Gender-affirming care providers, many being children’s hospitals, have been targeted by anti-trans harassment and threats. Between August and November 2022 alone, 24 hospitals and health care providers received threats, including bomb threats, organized by online harassment campaigns. Many hospitals and health care providers have resolved to remove staff information from websites, resulting in further barriers to access to gender-affirming care in states without such bans.
“It’s a really dangerous time to be a gender-affirming care provider from a privacy and security standpoint, to [continue] to be a doctor,” Seaton said.
Devastation on the entire community
Families with transgender children who need access to gender-affirming care have been forced to relocate or travel out-of-state, which Seaton describes as a “huge burden.”
“I don’t even have the words to describe how bad it’s had an effect on the mental health of trans kids across the state,” Seaton said. “[The legislation] can lead to horrifying repercussions, including suicide and other mental health disorders, and we’ve already seen how this impact can happen.”
Grassroots organizations nationwide have become overwhelmed with pressure to assist communities targeted by recent legislation as more youths turn to such programs for support.
Nashville’s Just Us, a branch of the nationally recognized LGBTQIA+ support organization the Oasis Center, provides support programs tailored toward youth of all gender identities and sexualities. Its therapy services programs for transgender youth have been overloaded with an uptick in cases.
“[Our] Just Us therapist has a full caseload of LGBTQ+ youth and has a waiting list that we often need to refer out to other providers in the community,” said Joseph Clark, program manager of the organization.
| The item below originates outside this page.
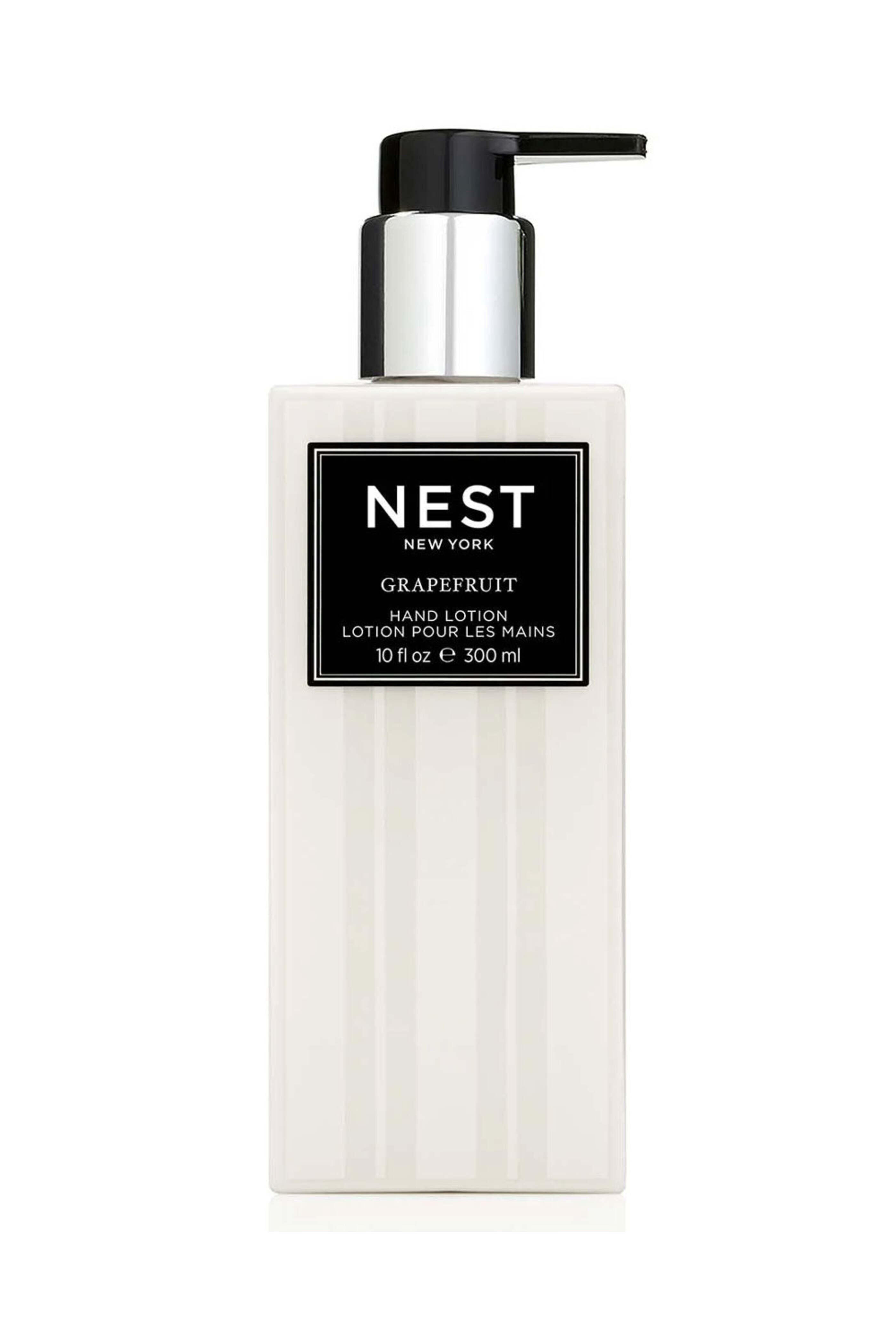 Nest Fragrances Grapefruit Hand Lotion. This exquisitely fragranced hand lotion absorbs quickly and is infused with natural botanicals, antioxidants, and plant extracts to help protect and condition the hands. Pink pomelo grapefruit and watery green notes combine with lily of the valley and coriander blossom. Pump top. 300 mL/10 fl oz.

Even in the wake of policies with unparalleled detrimental impact, “our greatest advocacy comes from simply existing and keeping our doors open,” Clark said, referring to the organization’s collaborations with other agencies within the community to “develop and facilitate trainings to those who work with LGBTQ+ youth on how to create and support open and affirming spaces.”
Calls for change in communities
Seaton stresses the importance of allyship in light of the recent policy changes, urging people to give their time to local organizations.
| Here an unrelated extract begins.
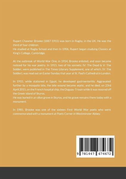 Rupert Chawner Brooke (1887-1915) was born in Rugby, in the UK. He was the third of four children. He studied at Rugby School and then In 1906, Rupert began studying Classics at King's College, Cambridge. At the outbreak of World War One, in 1914, Brooke enlisted, and soon became noticed for his war poetry. In 1915, two of his sonnets; IV: The Dead & V: The Soldier, were published in The Times Literary Supplement, one of which, (V: The Soldier), was read out on Easter Sunday that year at St. Paul's Cathedral in London. In 1915, while stationed in Egypt, he developed gastroenteritis. Aggravated further by a mosquito bite, the bite wound became septic, and he died, on 23rd April 2015, on the French hospital ship, the Duguay-Trouin while it was moored off the Greek island of Skyros. He was buried in an olive grove in Skyros, and his grave remains there today with a monument. In 1985, Brooke was one of the sixteen First World War poets who were commemorated with a monument at Poets Corner in Westminster Abbey.
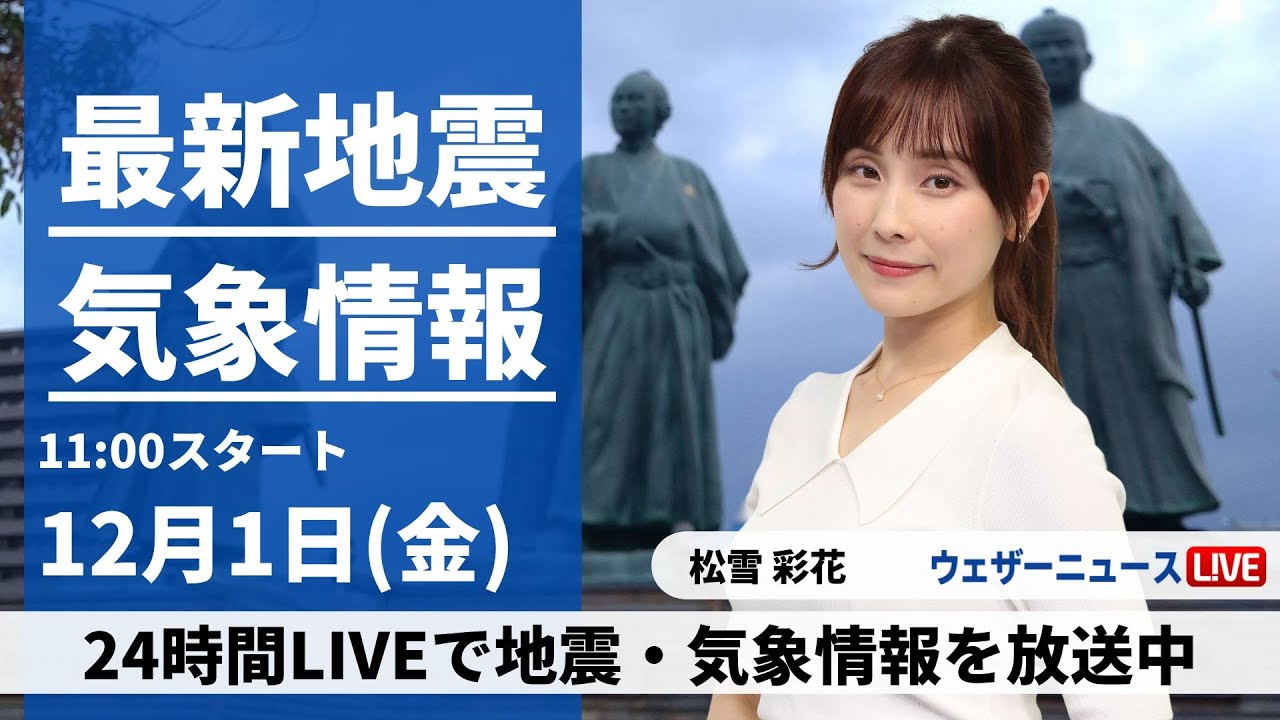 【LIVE】最新気象・地震情報 2023年12月1日(金)/全国的に寒い一日 日本海側で雪や雨〈ウェザーニュースLiVEコーヒータイム〉

“Show up as a volunteer, even show up if you have financial resources to donate to local organizations,” he said.
Many of these organizations also curate programs for youth and “are looking for volunteers to help support trans youth, so get connected in that way,” Seaton said.
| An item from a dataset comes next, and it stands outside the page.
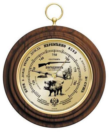 Бapoмeтp ПогодникЪ Охотник RST 05358 выполненный в старинном стиле в корпусе из дерева - необходимая вещь для охотников и рыболовов. С его помощью измерятся величина атмосферного давление воздуха и ее изменение. Как это помогает ловить рыбу? - да очень просто. Рыбак, сможет точно определить в какой из дней будет хороший клёв. Если в течение нескольких дней показания барометра особенно не изменяются – можно отправляться на рыбалку! Если давление резко изменилось - ловить рыбу бесполезно. Разные виды рыб по-разному реагируют на изменение атмосферного давления. Хищники любят активно охотиться при понижении давления. Повышение давления используют мирные рыбы для питания.

Beyond volunteering for local initiatives, vocalizing against anti-LGBTQIA+ rhetoric fosters safer spaces for open communication.
“Showing up to committee meetings tends to help so that legislators see that there is a flourishing and thriving LGBT community that’s watching them and is holding them accountable,” Seaton said. “And it is changing the way that a lot of anti-trans [supporters] are thinking, and they’re not as willing to kind of pursue these measures.”